## Problem to solve
Pictures aside, quote the whole listing exactly.

## Data segment
┄┄┄┄┄┄┄┄┄┄
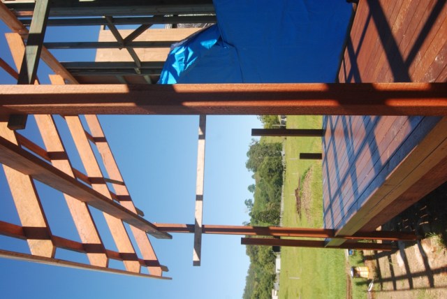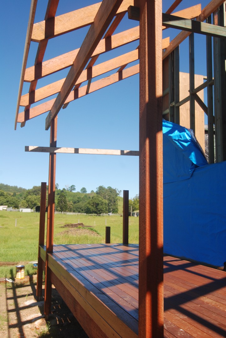 Extending the roof over the entrance deck. All exposed beams have been pre-painted.
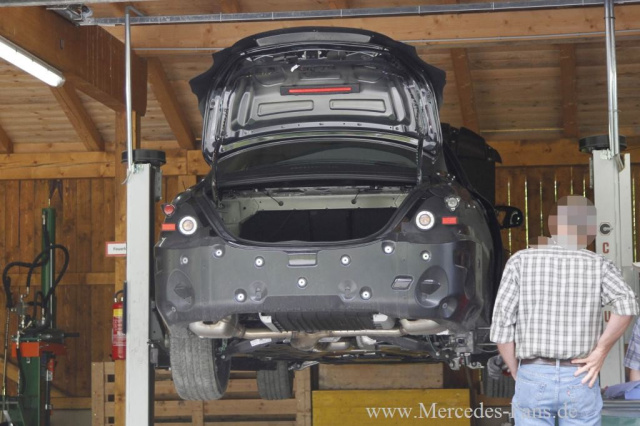 Der Mercedes-Fans.de Erlkönig-Fotograf konnte dem C-Klasse-Prototypen auch unter den Rock schauen.
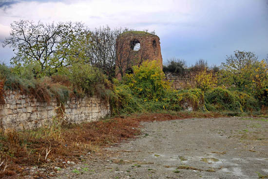 A little north of the palace stood the city’s western gate, the Porta Lacus, or Πύλη τῆς Λίμνης, today still known as the Göl Kapısı, the Lake Gate. This is the worst preserved of Nicaea’s gates, and probably always the least impressive and least fortified. On this side, the lake itself provided natural defense, and unlike the other three gates, this one served economic rather than representational purposes: fishing, transport, warehouses. Accordingly, it was the widest of the four. Today only the remains of two towers survive, flanking the modern street.
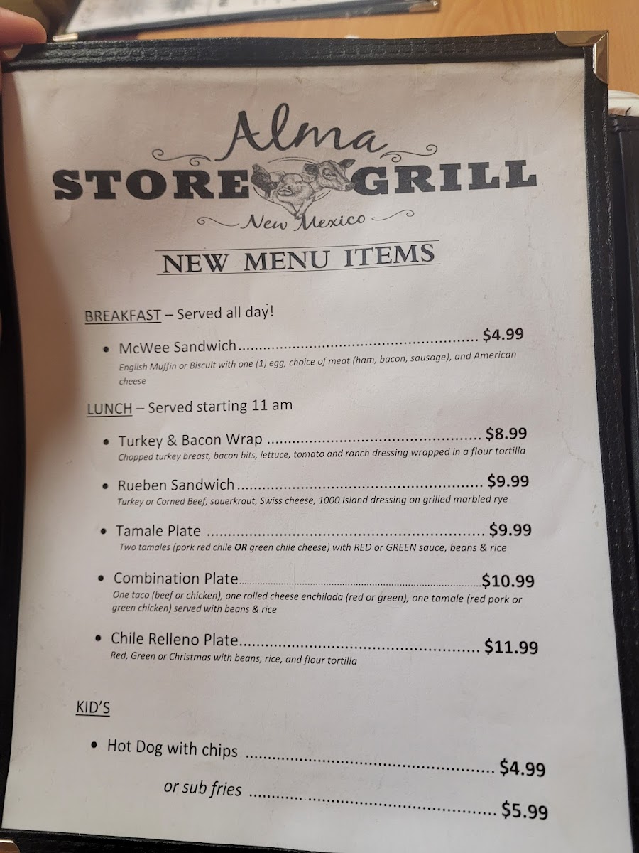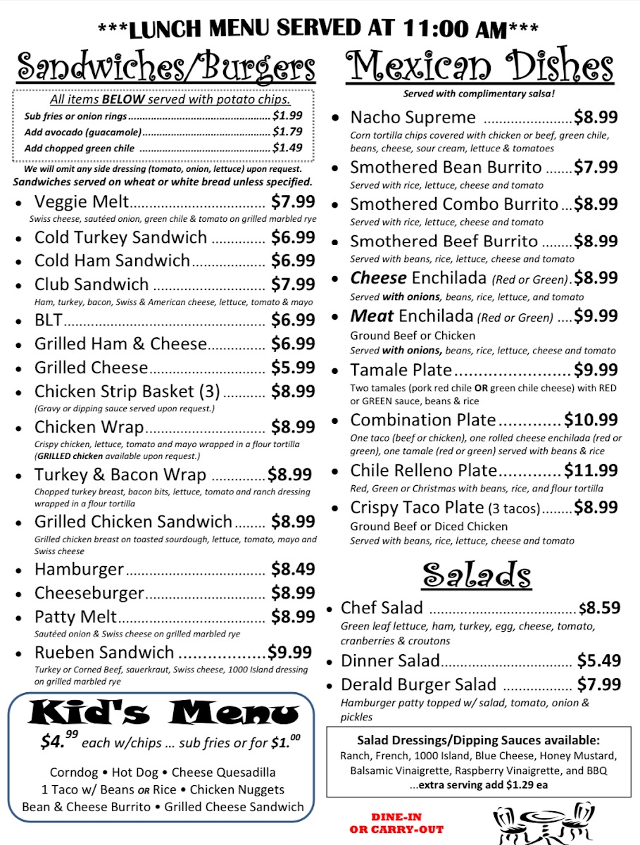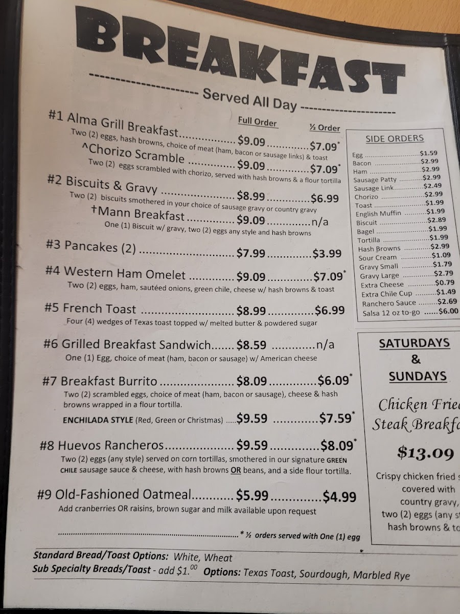 Welcome to Alma Grill, a hidden gem nestled in Glenwood, NM. This charming restaurant offers a menu rich with diverse options, ensuring something for everyone. Begin your meal with mouthwatering salads like the Chef Salad or the hearty Derald Burger Salad, both perfect for a refreshing start. For side orders, indulge in classics such as crispy bacon or flavorful chorizo, priced affordably between US$1.59 to US$2.99.
┄┄┄┄┄┄┄┄┄┄
## Solved problem
 Extending the roof over the entrance deck. All exposed beams have been pre-painted.
 Der Mercedes-Fans.de Erlkönig-Fotograf konnte dem C-Klasse-Prototypen auch unter den Rock schauen.
 A little north of the palace stood the city’s western gate, the Porta Lacus, or Πύλη τῆς Λίμνης, today still known as the Göl Kapısı, the Lake Gate. This is the worst preserved of Nicaea’s gates, and probably always the least impressive and least fortified. On this side, the lake itself provided natural defense, and unlike the other three gates, this one served economic rather than representational purposes: fishing, transport, warehouses. Accordingly, it was the widest of the four. Today only the remains of two towers survive, flanking the modern street.
 Welcome to Alma Grill, a hidden gem nestled in Glenwood, NM. This charming restaurant offers a menu rich with diverse options, ensuring something for everyone. Begin your meal with mouthwatering salads like the Chef Salad or the hearty Derald Burger Salad, both perfect for a refreshing start. For side orders, indulge in classics such as crispy bacon or flavorful chorizo, priced affordably between US$1.59 to US$2.99.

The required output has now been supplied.